Deux patients trouvent que leur état de santé est beaucoup moins bon depuis le début de la dialyse :

o Mme KOT., 76 ans, dont les dialyses se passent bien, mais elle a de terribles douleurs des

membres inférieurs et ne peut plus marcher du fait d’une artériopathie en lien avec son diabète. Elle aurait peut-être eu cette symptomatologie sans être dialysée. Comme elle le dit : « Les pieds, c’est pire que tout ! C’est pas la faute de la dialyse, c’est la faute de mes pieds… ». En dehors de cette complication qui l’invalide, elle qualifie sa santé de « bonne » malgré tout car elle pense que les traitements vont être efficaces et que cette complication n’est que transitoire. Elle vit dans l’espoir de remarcher normalement ; o M. JAM., 85 ans, dont la dialyse (par voie péritonéale) se passe très bien également. Il se portait très bien quand on lui a annoncé qu’il devrait dialyser : « Vous étiez en pleine forme ? Ben oui, c’est ça qu’est triste ». Il reconnaît lui-même que la dialyse à domicile ne pose pas de problèmes particuliers, mais il a du mal à accepter cette contrainte. Il ne souffre pas, mais il exprime : « La dialyse, moi je voudrais que ça n’existe pas, hein… C’est pesant, c’est contraignant. On est obligés d’y passer, voilà… Ces sacrées poches qui bloquent tout ! ». Il perçoit sa santé comme « mauvaise » car la DP est venue troubler le cours paisible de sa vie, mais objectivement, son état de santé ne s’est pas dégradé.

En ce qui concerne Mme SEG., 83 ans, elle trouve que son état de santé est plutôt meilleur qu’avant dialyse, mais elle qualifie sa santé de « mauvaise » car elle se plaint d’un prurit, complication assez fréquemment observée chez le dialysé pour laquelle il n’y a malheureusement pas de traitement très efficace à l’heure actuelle : « C’est très désagréable, c’est douloureux, très douloureux…

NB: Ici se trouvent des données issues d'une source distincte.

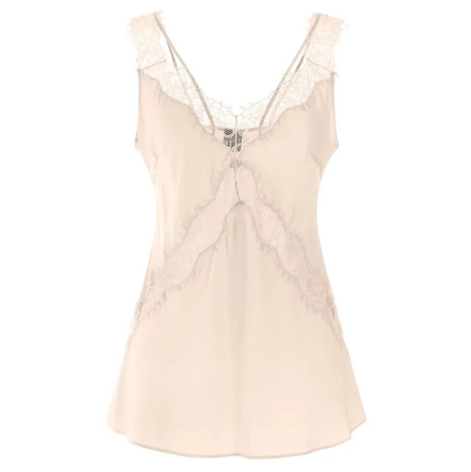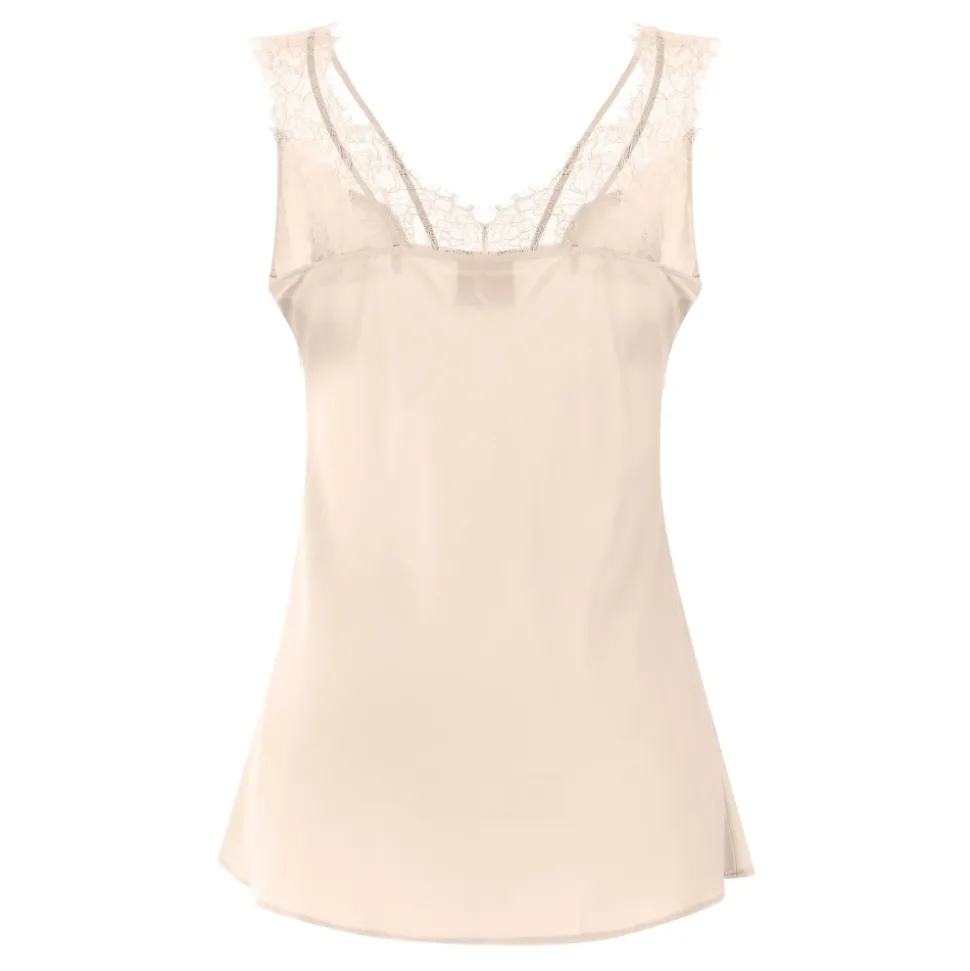 PINKO Lydia Viscose Twill Top har tone-i-tone blondeindlæg og en V-hals med dobbelte skulderstropper, hvilket giver et raffineret valg til både dags- og aftenlook. Nøgleattributter: Pink | Viskosetwill | Dobbelt skulderstrop | V-hals | Tone-i-tone blondeindlæg | Dimensioner og pasform: Normal pasform.

Ca réveille des fois ». Du fait de l’évolution naturelle de sa scoliose, elle ne peut plus se déplacer qu’avec un fauteuil roulant qu’elle pousse comme un déambulateur. Elle va devoir quitter sa maison, la vendre et aller en maison de retraite.

(iii) Patients du cluster 3

Ce groupe est composé de réseaux de soutien vastes, tournés vers les autres. Il comporte 5 patients, 3 d’entre eux trouvent que leur état de santé est stable ou plutôt meilleur par rapport à l’an dernier :

Nom (âge) Type EER Perception actuelle de l’état de santé Etat de santé actuel par rapport à l’an dernier à la même période

BAR. (80) UDM Mauvaise Plutôt moins bon

KUB. (53) HD Domicile Bonne Plutôt meilleur

CAM. (48) HD Centre Très bonne A peu près pareil

LIZ. (85) HD Centre Bonne Plutôt moins bon

CHA. (83) HD Centre Médiocre Plutôt meilleur

Tableau n°54 : Comparaison de l’état de santé des patients du cluster 3 par rapport à l’année précédente à la même époque.

Deux patients trouvent que leur santé est plutôt moins bonne depuis qu’ils sont dialysés : o M. BAR., 80 ans, qualifie sa santé de « mauvaise » car il dit tout oublier et a beaucoup

maigri. Il est devenu sédentaire et ne peut plus faire de randonnées comme avant. Arrivé en dialyse, il a suivi rigoureusement les consignes de la diététicienne et n’avait plus goût à rien, ne mangeait plus rien, et puis comme il le dit : « J’ai relâché un peu, et je vais nettement mieux » ;

o Mme LIZ., 82 ans, trouve que son état de santé est bon, mais « moins bon » qu’avant la

dialyse, car elle a de gros troubles de mémoire. Elle s’inquiète de ne presque plus uriner et pense que sa maladie rénale s’est aggravée. Elle se demande ce qui va lui arriver. ses dialyses ont été débutées en urgence, et son mari est décédé exactement à ce moment-là. Elle pleure à chaque fois qu’elle évoque le nom de son mari.

Le premier patient n’a pas encore trouvé son « régime de vie », mais il est sur la « pente ascendante ». Il aurait sûrement gagné à voir plus souvent la diététicienne. Quant à Mme LIZ., elle se remet à peine des épreuves qu’elle a traversées. Un soutien psychologique lui aurait peut-être été bénéfique. Par ailleurs, Mme CHA., 83 ans, diabétique, trouve que son état de santé est meilleur, mais pour autant, elle qualifie sa santé de « médiocre » car elle a des troubles de la marche qui l’obligent à sortir de chez elle avec un déambulateur. Du fait de cette perte d’autonomie, elle ne voulait plus se battre pour vivre. Elle ne voulait pas dialyser, mais elle a accepté cette contrainte uniquement pour sa petite-fille, pour pouvoir assister à son mariage.